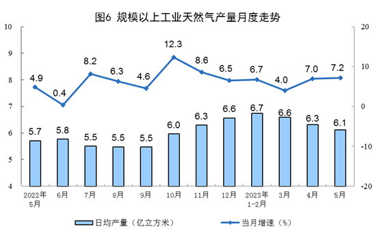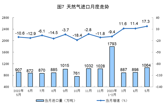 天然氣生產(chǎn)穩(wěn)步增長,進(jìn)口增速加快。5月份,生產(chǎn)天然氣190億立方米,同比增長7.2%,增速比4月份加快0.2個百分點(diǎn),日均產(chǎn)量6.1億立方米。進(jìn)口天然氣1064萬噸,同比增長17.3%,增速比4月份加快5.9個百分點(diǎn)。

--*--

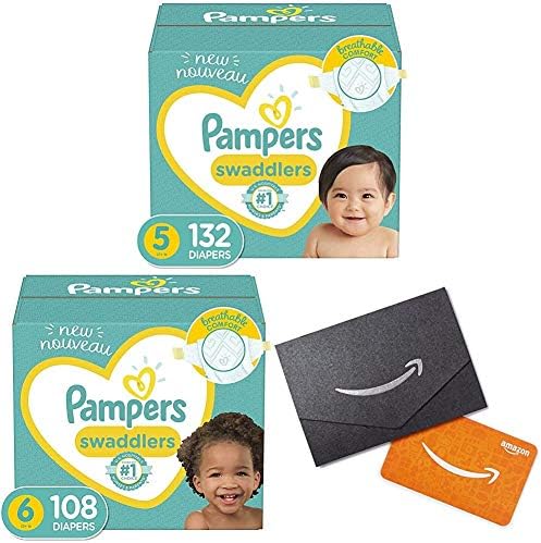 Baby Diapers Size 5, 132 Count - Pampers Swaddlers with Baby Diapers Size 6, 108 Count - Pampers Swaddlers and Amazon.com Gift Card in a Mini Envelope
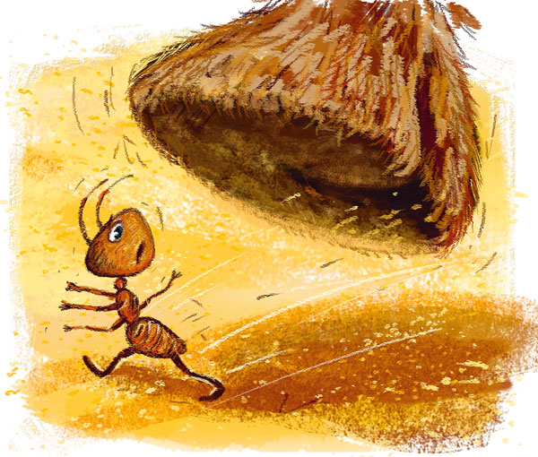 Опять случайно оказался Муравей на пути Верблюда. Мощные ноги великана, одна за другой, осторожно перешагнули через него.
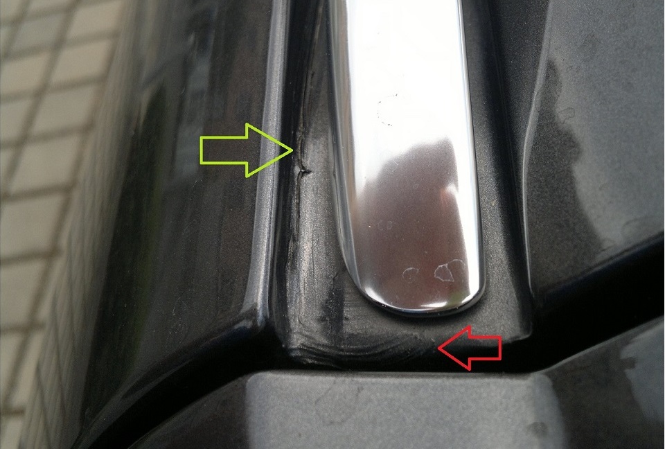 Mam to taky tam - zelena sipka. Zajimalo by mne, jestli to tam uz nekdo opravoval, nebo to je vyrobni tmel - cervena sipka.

--*--

**PROMPT**
Repeat exactly the stretch of the listing above that starts with the line holding "Baby Diapers Size 5, 132" and finishes with the line holding "Mam to taky", both included. Skip every picture.

**WRITTEN ANSWER**
 Baby Diapers Size 5, 132 Count - Pampers Swaddlers with Baby Diapers Size 6, 108 Count - Pampers Swaddlers and Amazon.com Gift Card in a Mini Envelope
 Опять случайно оказался Муравей на пути Верблюда. Мощные ноги великана, одна за другой, осторожно перешагнули через него.
 Mam to taky tam - zelena sipka. Zajimalo by mne, jestli to tam uz nekdo opravoval, nebo to je vyrobni tmel - cervena sipka.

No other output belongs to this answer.